_What you have to do_:
An exact copy of the entries below is needed, with every picture left out.

:: Records supplied

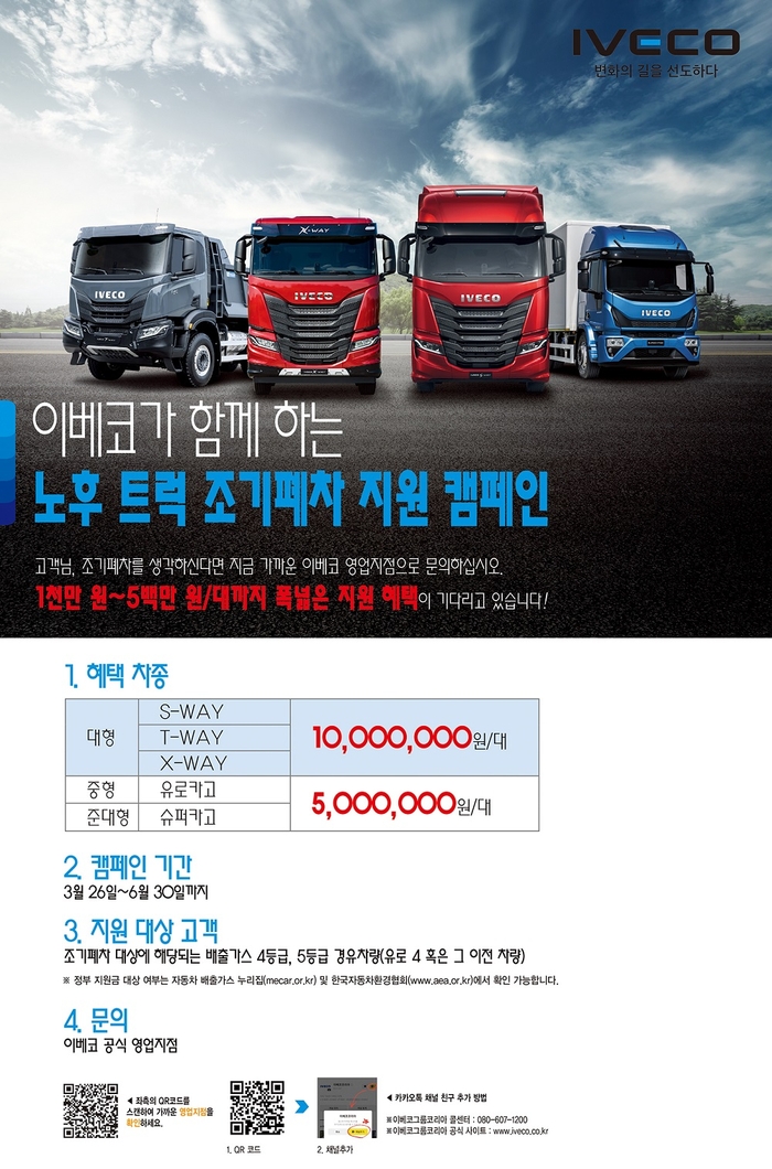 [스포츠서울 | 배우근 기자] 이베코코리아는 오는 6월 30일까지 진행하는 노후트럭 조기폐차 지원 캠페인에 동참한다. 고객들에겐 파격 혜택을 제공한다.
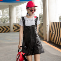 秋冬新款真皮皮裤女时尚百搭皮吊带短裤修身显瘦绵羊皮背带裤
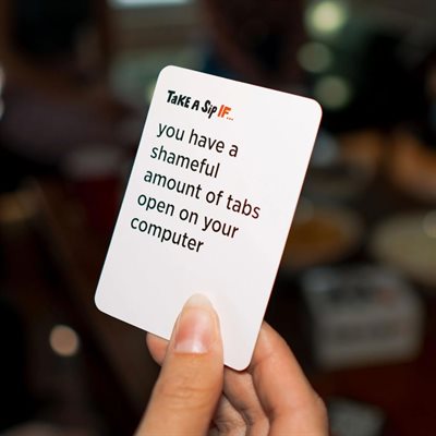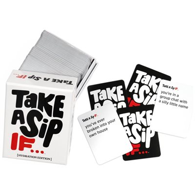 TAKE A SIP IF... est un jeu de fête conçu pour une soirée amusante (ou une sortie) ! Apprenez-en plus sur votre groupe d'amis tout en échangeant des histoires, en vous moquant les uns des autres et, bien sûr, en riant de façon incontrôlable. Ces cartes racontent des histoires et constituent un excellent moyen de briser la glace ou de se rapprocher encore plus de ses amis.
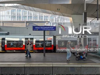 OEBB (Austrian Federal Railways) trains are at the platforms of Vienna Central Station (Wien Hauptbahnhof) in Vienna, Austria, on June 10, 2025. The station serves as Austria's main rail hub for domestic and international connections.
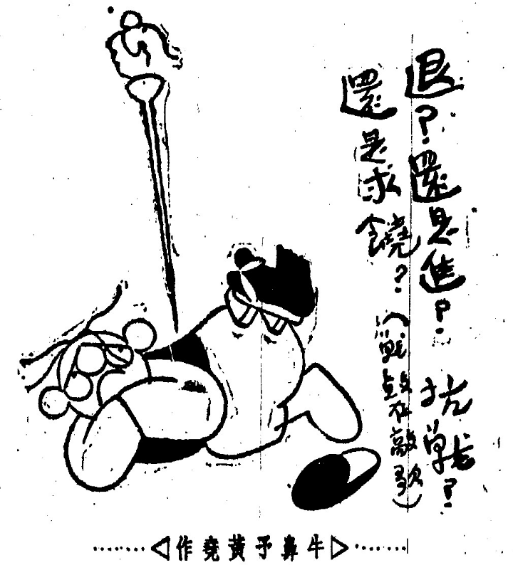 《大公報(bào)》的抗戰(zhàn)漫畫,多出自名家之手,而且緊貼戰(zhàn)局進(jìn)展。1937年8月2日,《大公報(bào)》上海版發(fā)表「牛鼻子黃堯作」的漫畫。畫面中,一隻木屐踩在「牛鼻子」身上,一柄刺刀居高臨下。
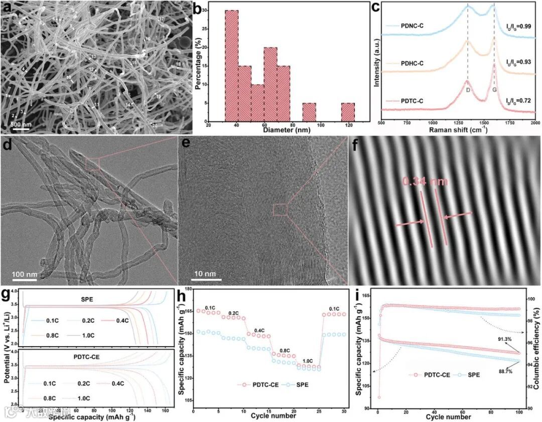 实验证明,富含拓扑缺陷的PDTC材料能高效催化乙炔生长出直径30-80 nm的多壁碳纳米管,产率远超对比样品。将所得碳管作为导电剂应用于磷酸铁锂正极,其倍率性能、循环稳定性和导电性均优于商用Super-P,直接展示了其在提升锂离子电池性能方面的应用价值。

::::

_Reply_:
 [스포츠서울 | 배우근 기자] 이베코코리아는 오는 6월 30일까지 진행하는 노후트럭 조기폐차 지원 캠페인에 동참한다. 고객들에겐 파격 혜택을 제공한다.
 秋冬新款真皮皮裤女时尚百搭皮吊带短裤修身显瘦绵羊皮背带裤
 TAKE A SIP IF... est un jeu de fête conçu pour une soirée amusante (ou une sortie) ! Apprenez-en plus sur votre groupe d'amis tout en échangeant des histoires, en vous moquant les uns des autres et, bien sûr, en riant de façon incontrôlable. Ces cartes racontent des histoires et constituent un excellent moyen de briser la glace ou de se rapprocher encore plus de ses amis.
 OEBB (Austrian Federal Railways) trains are at the platforms of Vienna Central Station (Wien Hauptbahnhof) in Vienna, Austria, on June 10, 2025. The station serves as Austria's main rail hub for domestic and international connections.
 《大公報(bào)》的抗戰(zhàn)漫畫,多出自名家之手,而且緊貼戰(zhàn)局進(jìn)展。1937年8月2日,《大公報(bào)》上海版發(fā)表「牛鼻子黃堯作」的漫畫。畫面中,一隻木屐踩在「牛鼻子」身上,一柄刺刀居高臨下。
 实验证明,富含拓扑缺陷的PDTC材料能高效催化乙炔生长出直径30-80 nm的多壁碳纳米管,产率远超对比样品。将所得碳管作为导电剂应用于磷酸铁锂正极,其倍率性能、循环稳定性和导电性均优于商用Super-P,直接展示了其在提升锂离子电池性能方面的应用价值。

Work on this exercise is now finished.